In the records below, find the line that holds "الثبات المتكرر فوق". Restate it and every later line exactly, stopping at the end and skipping pictures.
━━━━━━━━━━━━━━━━━━━━
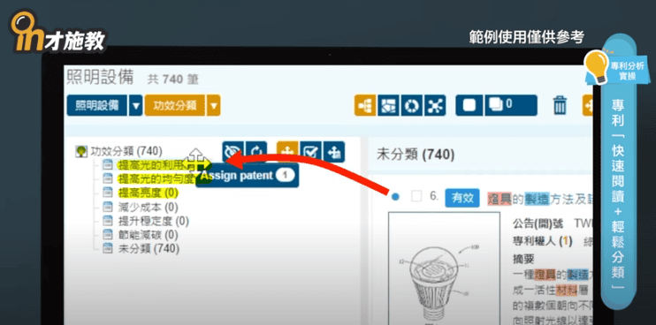 也有其他作法,例如多點幾筆,全部都拖到各項節點,接下來就用「刪除法」。比如說:「提高光的利用率」、「提高光均勻度」與「提高亮度」是非常重要的功效節點,那這頁20筆專利,先勾選,再全部拉過去「提高光的利用率」、「提高光均勻度」與「提高亮度」。接下來,如果發現,這筆跟「提高亮度」無關,就直接「X」,這樣比較快
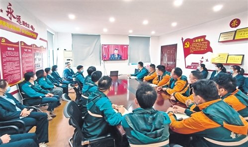 浙江省湖州市郵政分公司織里快包攬投部員工認真收看黨的二十大開幕會直播?!蹂X云杰 攝影報道
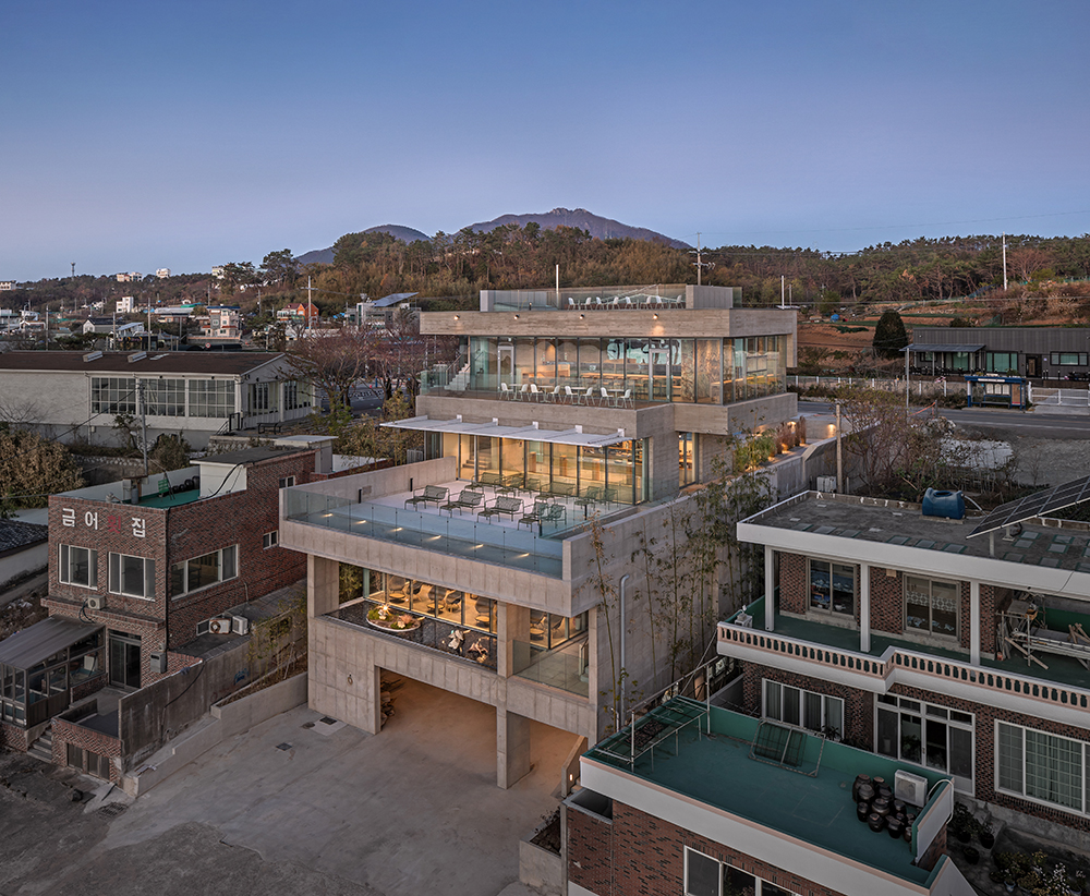 최근 바다 조망이 좋은 기장, 일광 지역은 카페 격전지라고 해도 지나치지 않다. 인스타그램과 코로나19의 영향이 크다. 이 프로젝트는 기장 해안길에 또 하나의 카페를 더하는 일이었다. 대지는 어촌마을 끝자락의 더이상 영업을 하지 않는 1~2층 규모의 낡은 횟집들과 주택들 사이에 위치하고 있다. 이곳의 바다는 근사한 바위도 없고, 흔한 해송 하나 없다. 바다는 부지에서 30m나 떨어졌고, 그 사이는 다시마를 말리는 어민들의 일상공간이다. 이곳에 들어서는 카페건축은 어떤 자세이어야 하는가 하는 고민이 계획의 시작이었다.
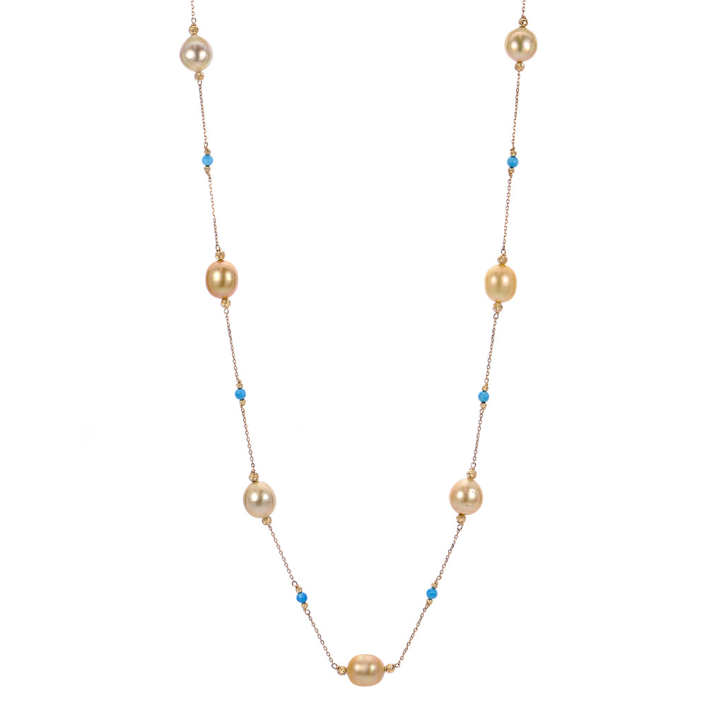 22" 14KY 9-10MM GOLDEN SS PEARL & SLEEPING BEAUTY TURQUOISE STATION NECKLACE
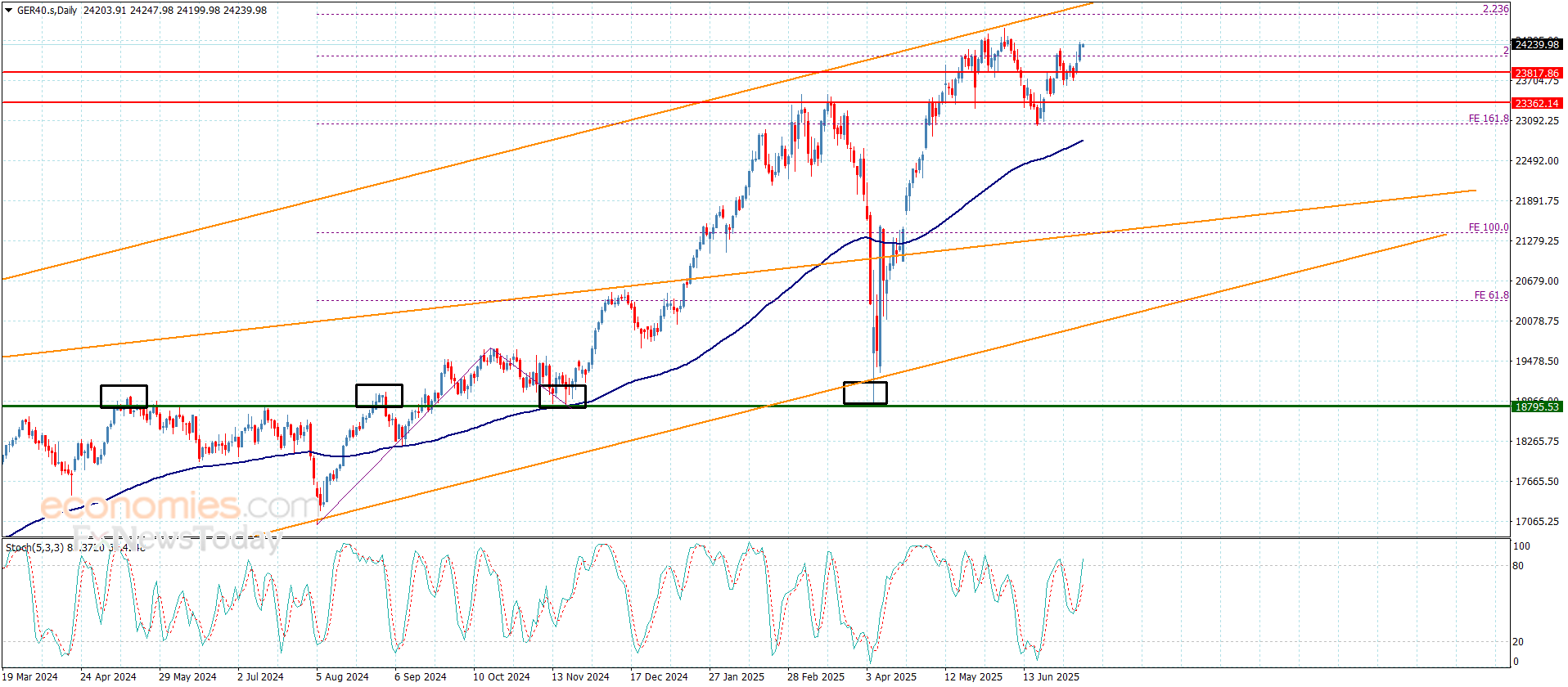 الثبات المتكرر فوق 24065.00 وبتقديم مؤشر ستوكاستيك للعزم الإيجابي سيزيد ذلك فرص استهداف السعر لمحطات إيجابية جديدة قد تمتد قريبا نحو 24350.00 وصولا للقمة المحققة مؤخرا والمتمركزة عند 24490.00.
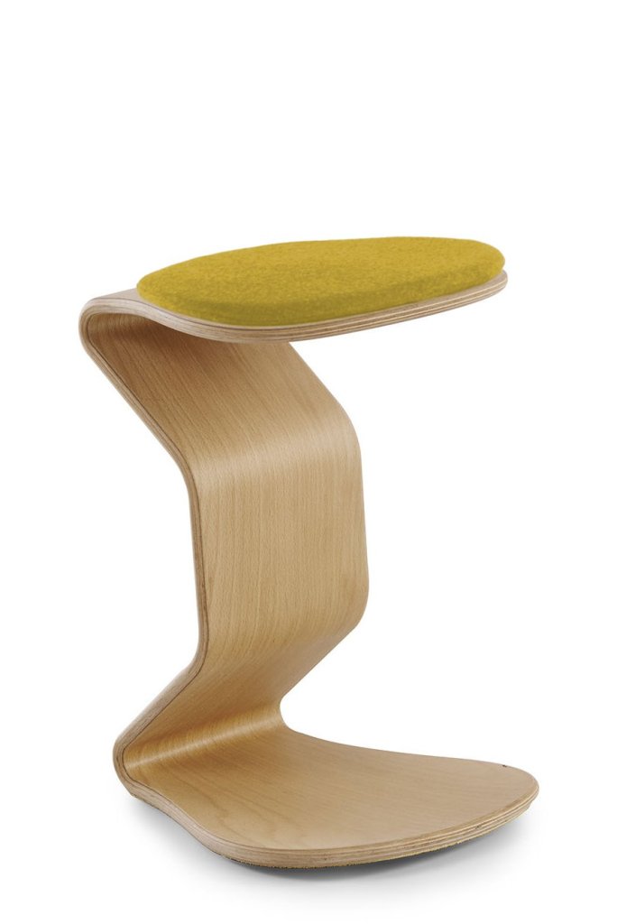 Balančná stolička Ercolino Medium s pevnou výškou 47 cm, vybavená sedákom vyplneným kokosovými vláknami a čalúnením podľa výberu v šiestich rôznych odtieňoch 100% čistej strižnej ovčej vlny. Stolička vyrobená z tvarovanej bukovej preglejky 14 mm s pohľadovými dýhami.
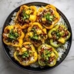 - Serve: Let the stuffed peppers cool slightly after baking. Optionally, garnish with extra pineapple pieces or sliced green onions before serving for added freshness and flavor.
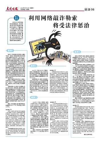 近年来,利用网络制造散播谣言、负面信息进行敲诈勒索的案件时有发生,严重损害人民群众和企事业单位的名誉权、财产权等合法权益。为充分发挥典型案例的震慑、警示、教育作用,近日,最高人民法院发布了依法惩治利用网络敲诈勒索犯罪典型案例。
━━━━━━━━━━━━━━━━━━━━
▶ _Answer for this exercise_:
 الثبات المتكرر فوق 24065.00 وبتقديم مؤشر ستوكاستيك للعزم الإيجابي سيزيد ذلك فرص استهداف السعر لمحطات إيجابية جديدة قد تمتد قريبا نحو 24350.00 وصولا للقمة المحققة مؤخرا والمتمركزة عند 24490.00.
 Balančná stolička Ercolino Medium s pevnou výškou 47 cm, vybavená sedákom vyplneným kokosovými vláknami a čalúnením podľa výberu v šiestich rôznych odtieňoch 100% čistej strižnej ovčej vlny. Stolička vyrobená z tvarovanej bukovej preglejky 14 mm s pohľadovými dýhami.
 - Serve: Let the stuffed peppers cool slightly after baking. Optionally, garnish with extra pineapple pieces or sliced green onions before serving for added freshness and flavor.
 近年来,利用网络制造散播谣言、负面信息进行敲诈勒索的案件时有发生,严重损害人民群众和企事业单位的名誉权、财产权等合法权益。为充分发挥典型案例的震慑、警示、教育作用,近日,最高人民法院发布了依法惩治利用网络敲诈勒索犯罪典型案例。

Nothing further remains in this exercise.